É a fragilidade que chega e rouba a lucidez. Como é importante estar sempre atento e mensurar as possíveis consequências das decisões e ações. O arrependimento é a tomada de consciência diante do que foi feito e não resultou no esperado. 

Ainda bem que, na grande maioria, ainda há lacunas para o arrependimento. A consciência é capaz de abrir espaços vitais para uma adequada avaliação. 

Quem se arrepende é porque tem humildade e deseja praticar o melhor. O sentimento provocado pelo arrependimento não é confortável; em alguns momentos até desautoriza a alegria, afasta a paz interior. Impossível passar por esse mundo sem se arrepender de alguma coisa. O senso crítico, bem formado, vasculha todos os labirintos existenciais e mostra as sombras advindas de ações não pensadas. É importante ter equilíbrio na autocritica. 

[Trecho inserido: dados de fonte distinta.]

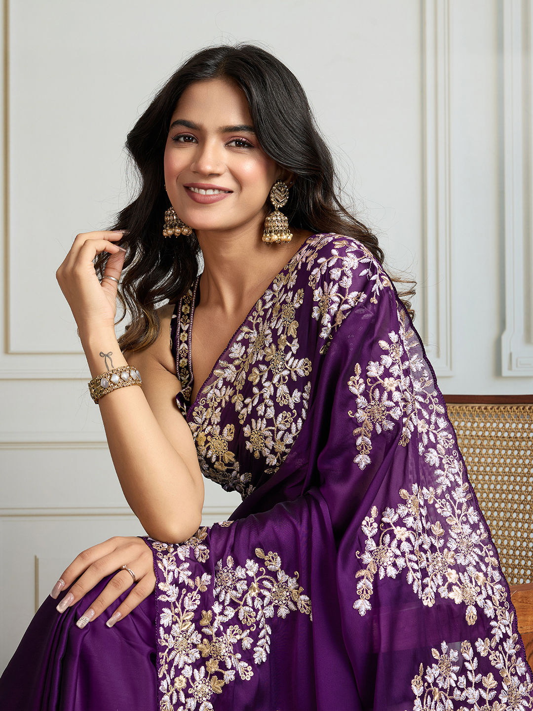 Purple and Violet color Saree in Silk fabric with Embroidered, Sequence, Zari work

Perdoar-se é o passo seguinte, depois do arrependimento. Algumas coisas podem ser restauradas, outras não. Mas a vida deve seguir adiante, apesar dos tropeços. Tirar uma lição de cada ação mal sucedida é sinal de maturidade e de amor próprio. O arrependimento pode abrir a mente e o coração para outras oportunidades, sensível aprendizado, notável crescimento.  

Arrepender-se é uma necessidade, um termômetro de qualidade de vida.